Third was that the efficiency of portfolio insurance strategies depends on the buffer relative to the floor, or, in balance sheet terms, the size of the surplus relative to the present value of the guaranteed future pension payments. “If the buffer is low, the probability that the portfolio insurance strategy runs into a trap of permanent low returns is rather high. The current market environment in particular is one with very high trap risk.”
He went on to say that fourthly, the efficiency of these portfolio insurance strategies can be enhanced by increasing the buffer. This, however, requires higher contribution rates, which is not popular among active members – or lower indexation, which is not popular among retired members.
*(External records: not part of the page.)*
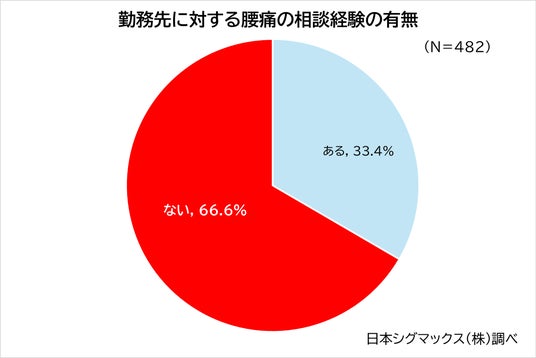 製造業で働く人のうち、勤務先への腰痛の相談について、半数以上の66.6%が「相談したことが無い」と回答し、相談しなかった理由として、「我慢(41.7%)」、「腰痛を長年抱えているから(31.5%)」、「何もしてくれないと思うから(26.5%)」が順に挙げられました。
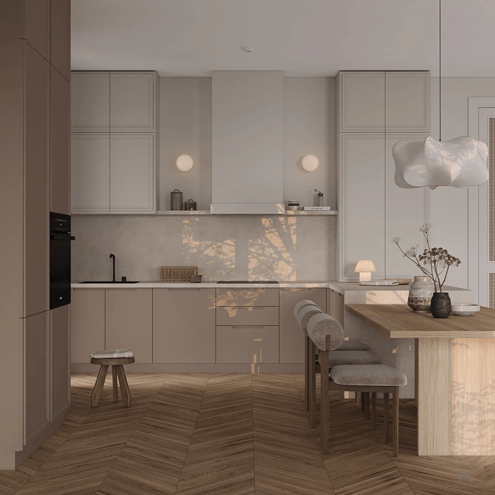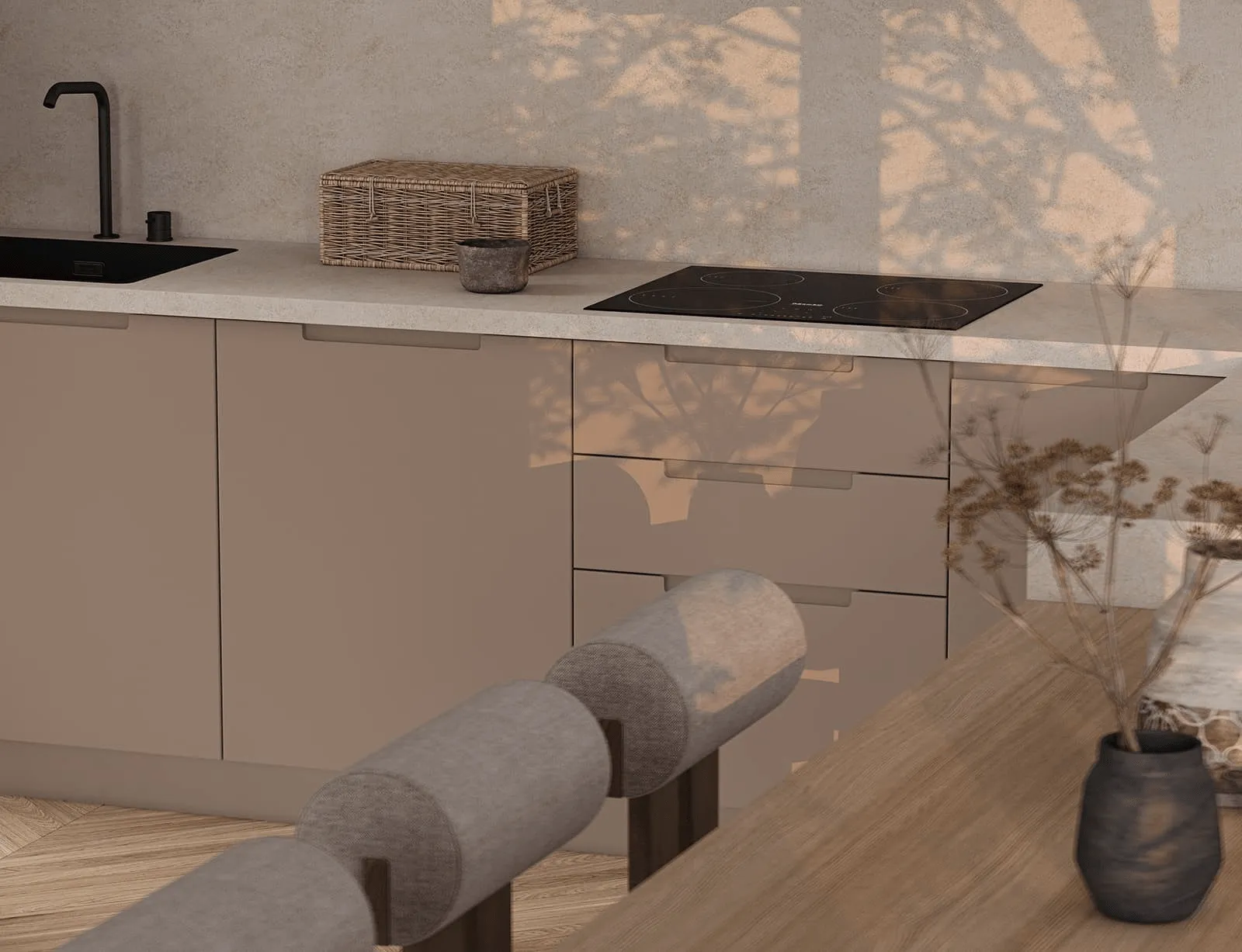 Фасады кухни, окрашенные в изысканные оттенки, придают ей особую привлекательность и создают атмосферу уюта и гармонии. Интегрированные ручки, практично встроенные в поверхности фасадов, придают кухонному интерьеру стильную и изысканную нотку. Это не только функциональное, но и эстетически привлекательное решение, которое делает кухню более элегантной и современной.
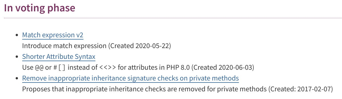 此外还注意到几个处于投票阶段的特性(也就是可能比较快会并入某个版本中的),像 match expression(匹配表达式)与使用 @@ 或 #[] 替代 <<>> 的提案都是比较值得关注的:
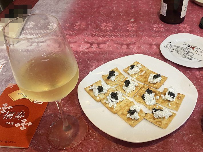 (ワインのつまみはクラッカーにクリームチーズとキャビアを乗せて)
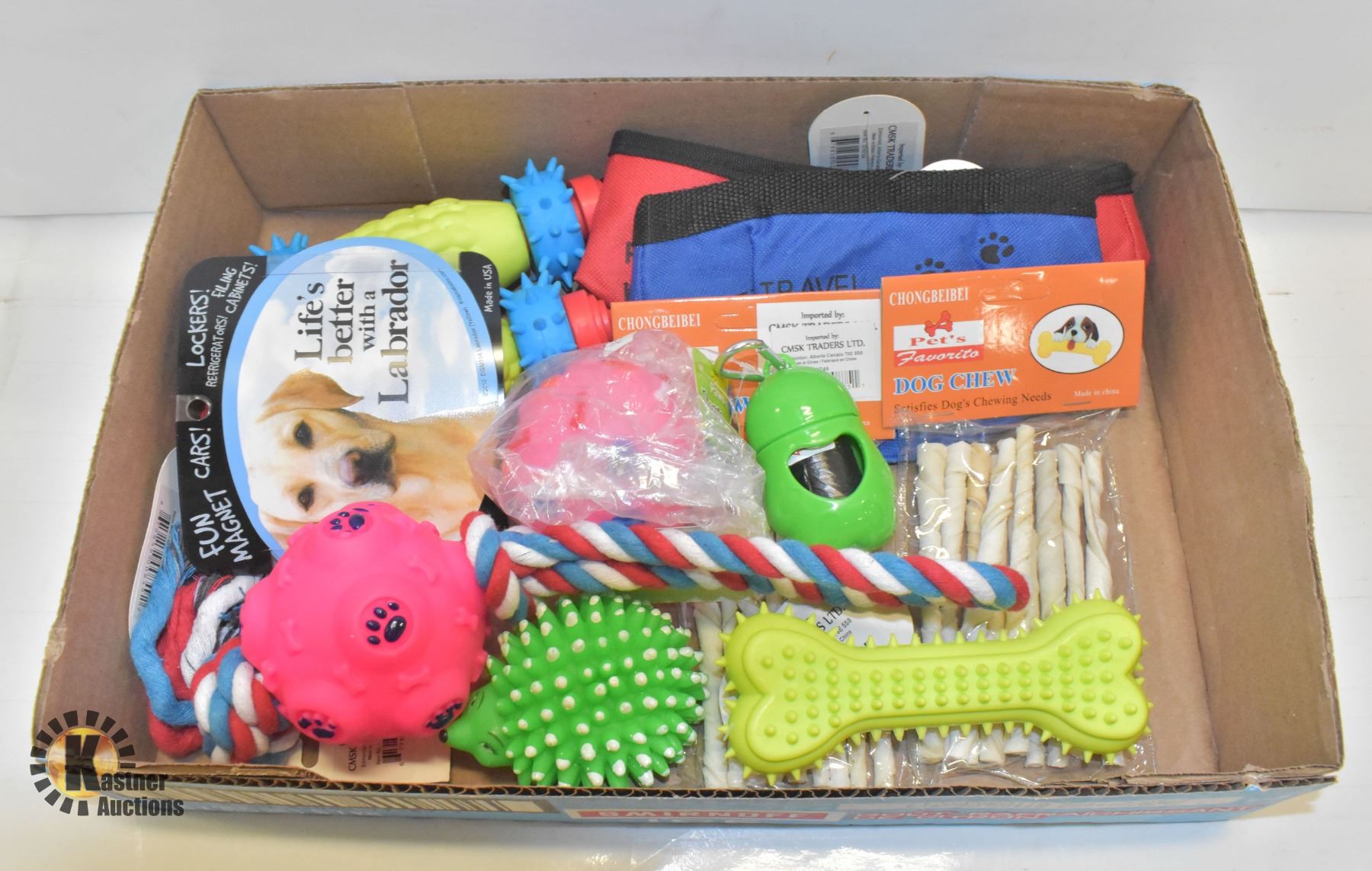LARGE FLAT OF DOGGY TOYS & WATER BOWLS
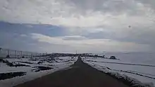 از یک سر بالائی کوتاه به روستای فولادلو می رسد.اخیرا" جاده سه راه پولادلو با اتصال به شهر جعفرآباد به
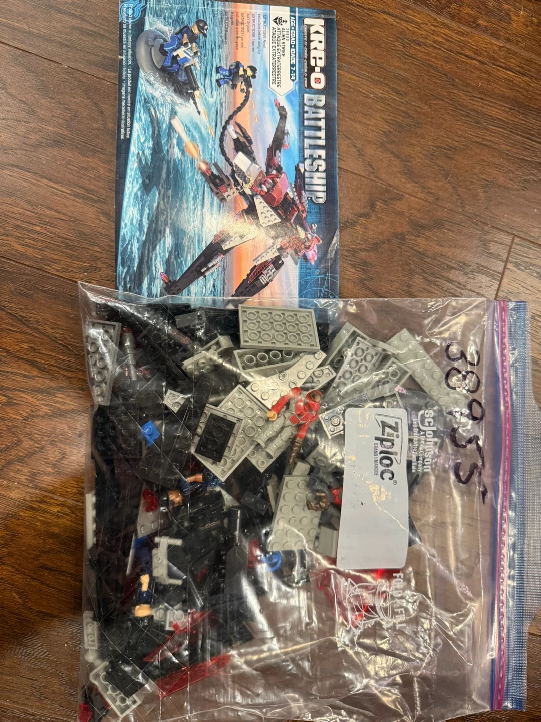 Selling a KRE-O Battleship Alien Strike building set for ages 7-14. All pieces are in the ziplock bag. Lots of fun to build with the included instructions!
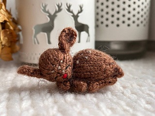 The head and body are knitted in the round using four double-pointed needles. The legs are worked as i-cord. All parts are knitted and assembled according to the instructions.
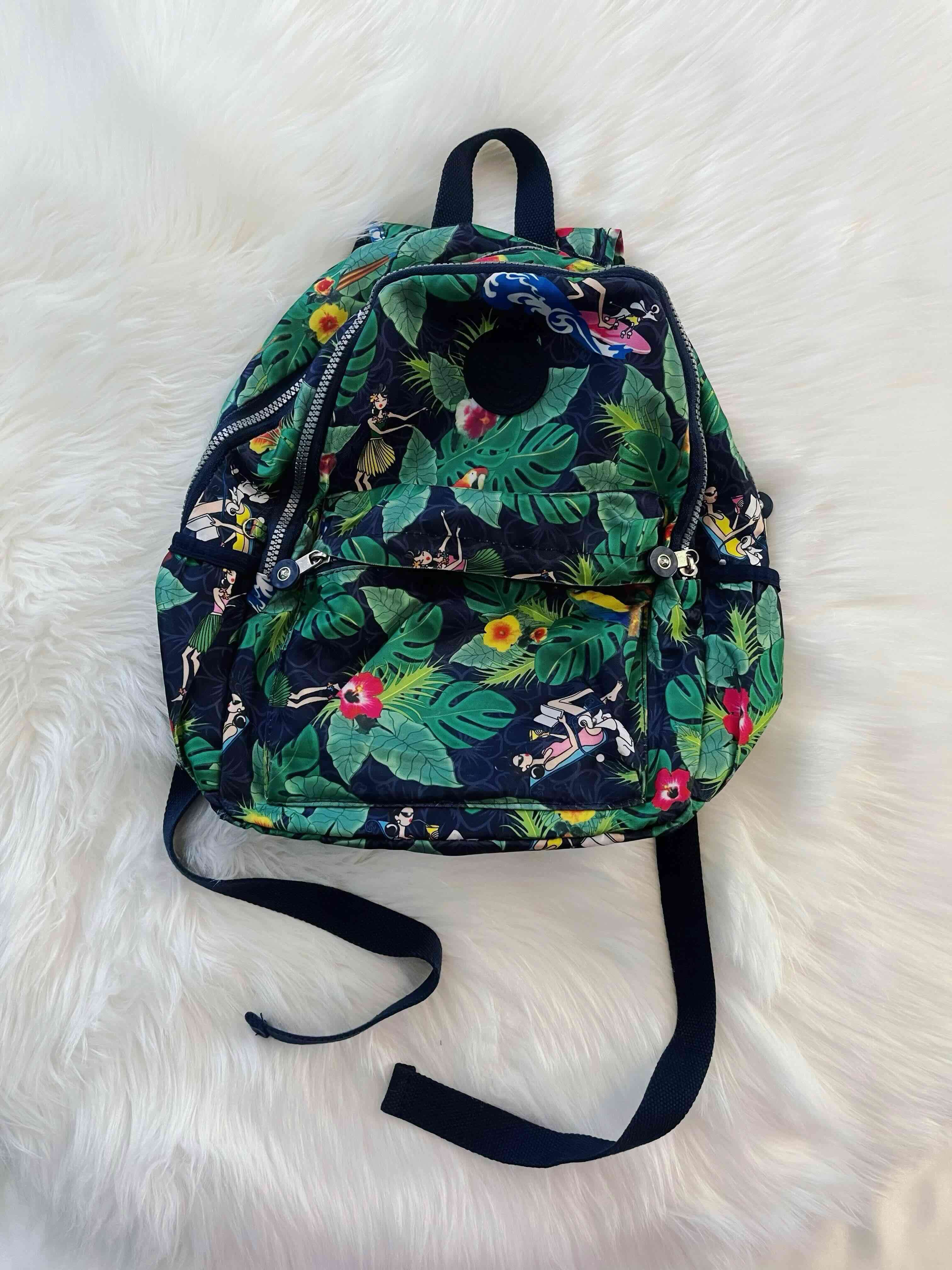 Mochila con diseño tropical y colorido. En buen estado general, ideal para el uso diario o viajes cortos.
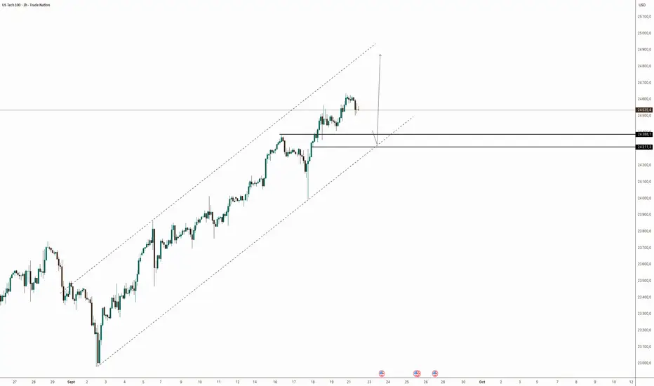 - Après un sommet local, le prix consolide sous la borne haute ; zone de polarité marquée à 24 388 puis 24 311 (ex-résistance → support).
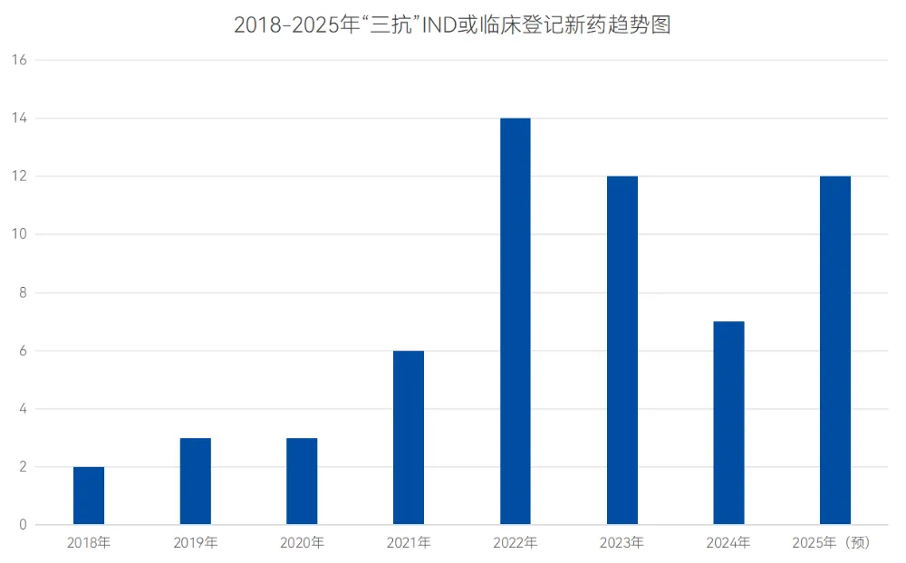 凭借多一个靶点结合位点的结构优势,三抗旨在实现更强的靶向特异性、更优的临床疗效与更低的脱靶毒性,从而被视为下一代免疫疗法的重点方向。

Pulling it together, Frijns concluded: “the current regulatory framework confronts the pension fund with some awkward dilemmas; the penalty for not finding the right answers is an inefficient investment strategy.”
The other major unresolved issue he tackled is the changing nature of the pension fund itself. Here he argued that nowadays the typical industry-wide pension fund in the Netherlands much more resembles a collective defined contribution fund than a classical defined benefit fund. “The role of the collective of employers as financial sponsor and underwriter of the financial risk of the fund has almost completely disappeared.”
This implies that the sponsor no longer is entitled to the surplus of the fund and, what is more important, the participants can no longer be seen as creditors but in economic terms are “upgraded” to owners of and sole risk-takers in the fund. In the light of this, Frijns questioned the bookkeeping convention to talk about pension liabilities, in other words, liabilities of the owners to themselves. “Accepting this logic would have profound consequences for the way the balance sheet of an industry wide pension fund is structured.”
He saw quite a challenge for the accounting profession, given its new gospel that the balance sheet of a pension fund should be a fair representation of the underlying economic reality.
On the positive side, he saw possibilities to better define the way risks are shared between the groups of participants. In his ideal pension fund of the future, the active members should bear most of the risk (and be compensated for that), whereas the retirees could be given the role of annuity-holders. “In balance sheet terms, the active participants are the equity owners and the retirees the creditors,” he pointed out.
Other speakers included Arnold Schilder of the Dutch Central Bank, speaking about combating the financing of terrorism, and the Dutch Minister of Finance Gerrit Zalm, who also presented the royal decoration of a Knight in the Order of the House of Orange to Frijns.
The chairman of the ABP board of trustees, Elco Brinkman hosted the event. Tom Steenkamp, ABP boardmember, presented the farewell gift to Frijns, a specially produced book of academic and other contributions.